Also, the skewness index

`mean((y-mean(y))^3)/sd_pop(y)^3`

`## [1] 1.634816`

is strongly bigger than zero, as expected.

**Note** we have used the population standard deviation to compute the skewness.

It is worth to note that the sample (empirical) mean

`mean(y)`

`## [1] 1.25742`

is close to the expected (theoretical) mean of the Log Normal distribution given by \[ E(Y)=e^{\mu+\frac{\sigma^2}{2}} \]

`exp(0.1+0.5^2/2)`

`## [1] 1.252323`

The two values are not exactly equal because the empirical mean is subject to sampling variability. Generally speaking the empirical mean gets closer to the expected theoretical mean when the sample size gets larger.

The idea of computing a theoretical mean by simulating many observations from a distribution and then calculate the empirical mean is the first brick of a very powerful mathematical tools called ** Monte Carlo Integration** methods.

### 7.3.1 Normal probability plot

The normal probability plot is a graphical tool to study the normality of a distribution.

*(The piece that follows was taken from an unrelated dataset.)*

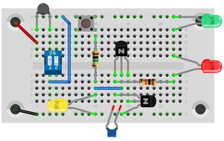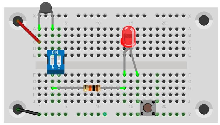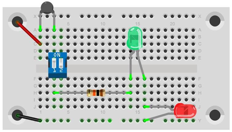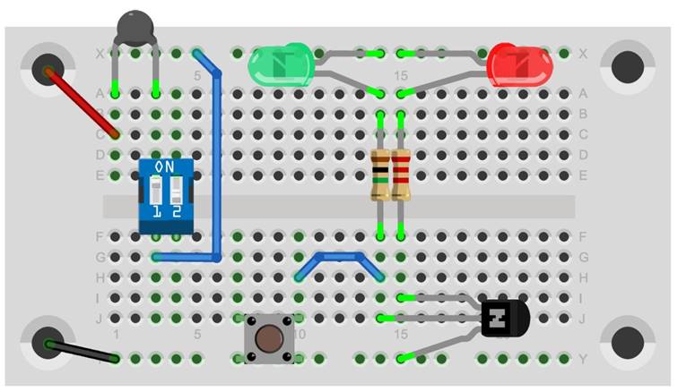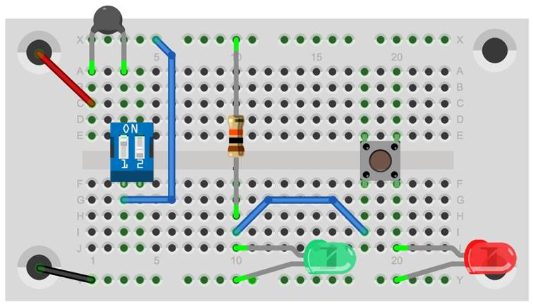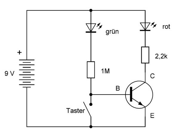 Der Versuch zeigt das typische Verhalten eines Transistors. Wenn der Tastschalter noch geöffnet ist, leuchtet die grüne LED nur schwach, aber die rote sehr hell. Drückt man auf den Taster, geht die rote LED aus. Der Transistor verhält sich wie ein Schalter. Ein kleiner Strom durch den Basisanschluss bewirkt, dass ein großer Strom durch den Kollektoranschluss eingeschaltet wird. Wenn du aber Basis und Emitter über den Taster verbindest oder die grüne LED herausziehst, geht auch die rote LED aus.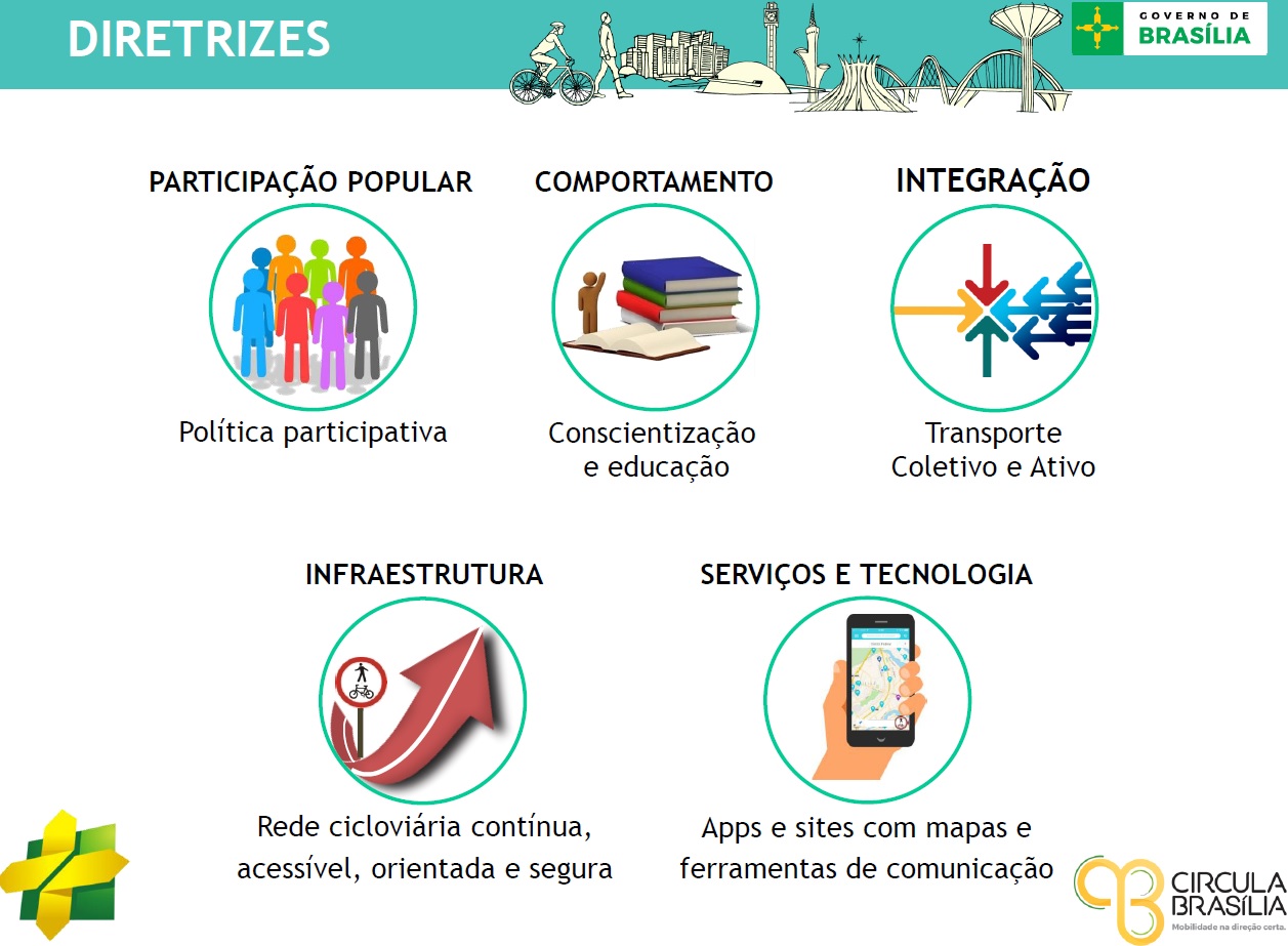 Em 2017, o GDF divulgou o Plano de Ciclomobilidade (clique para conferir o Plano), em que apresenta diagnóstico, diretrizes e proposta de infraestrutura.

It is based on the comparison between the sample (empirical) quantiles (usually represented on the x-axis) and the quantiles of a standard Normal distribution (usually represented on the y-axis). If the normality assumption is met, the sample quantiles are approximately equal to the Normal quantiles and the points in the plot are linearly distributed. If the normality assumpation is not compatible with the data, 4 possible cases can occur, as displayed in Figure 7.1.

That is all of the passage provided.